(DATA FOR THE TASK begins)

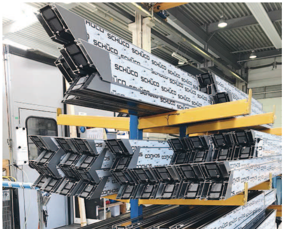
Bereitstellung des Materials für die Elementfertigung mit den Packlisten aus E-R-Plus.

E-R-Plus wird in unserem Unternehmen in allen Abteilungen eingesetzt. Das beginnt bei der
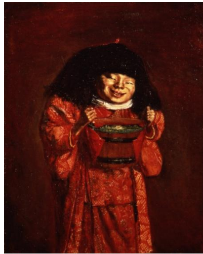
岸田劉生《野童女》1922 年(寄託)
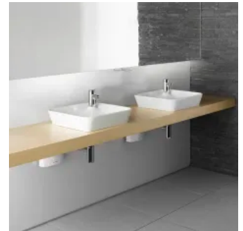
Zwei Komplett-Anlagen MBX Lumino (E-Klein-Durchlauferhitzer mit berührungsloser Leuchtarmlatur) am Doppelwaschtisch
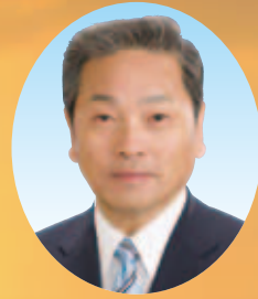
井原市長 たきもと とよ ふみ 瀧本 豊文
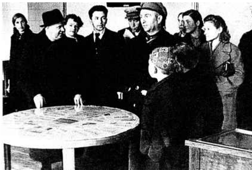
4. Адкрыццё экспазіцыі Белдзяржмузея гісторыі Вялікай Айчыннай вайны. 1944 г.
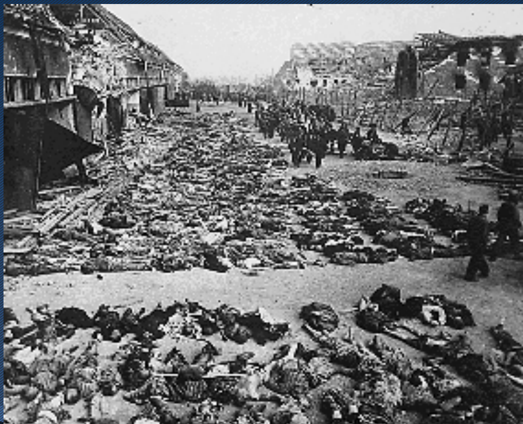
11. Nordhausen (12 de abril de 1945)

(DATA FOR THE TASK ends)
(DATA FOR THE TASK begins)

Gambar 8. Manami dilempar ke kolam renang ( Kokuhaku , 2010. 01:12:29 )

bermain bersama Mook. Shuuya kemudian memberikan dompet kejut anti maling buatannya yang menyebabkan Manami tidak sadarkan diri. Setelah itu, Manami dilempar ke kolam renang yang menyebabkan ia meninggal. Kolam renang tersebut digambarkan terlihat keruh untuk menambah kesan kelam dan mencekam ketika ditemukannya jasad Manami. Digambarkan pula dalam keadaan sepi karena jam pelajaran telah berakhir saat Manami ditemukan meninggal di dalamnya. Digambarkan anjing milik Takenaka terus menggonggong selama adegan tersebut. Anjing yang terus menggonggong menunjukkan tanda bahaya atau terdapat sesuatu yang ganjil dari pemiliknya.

(DATA FOR THE TASK ends)

* **WORK TO BE COMPLETED**
Exactly the lines starting at the one above with "Bereitstellung des Materials" and ending at the one with "11. Nordhausen (12 de abril de 1945)" should be printed, and nothing else. Omit the pictures.

* **WRITTEN RESPONSE**
Bereitstellung des Materials für die Elementfertigung mit den Packlisten aus E-R-Plus.

E-R-Plus wird in unserem Unternehmen in allen Abteilungen eingesetzt. Das beginnt bei der
岸田劉生《野童女》1922 年(寄託)
Zwei Komplett-Anlagen MBX Lumino (E-Klein-Durchlauferhitzer mit berührungsloser Leuchtarmlatur) am Doppelwaschtisch
井原市長 たきもと とよ ふみ 瀧本 豊文
4. Адкрыццё экспазіцыі Белдзяржмузея гісторыі Вялікай Айчыннай вайны. 1944 г.
11. Nordhausen (12 de abril de 1945)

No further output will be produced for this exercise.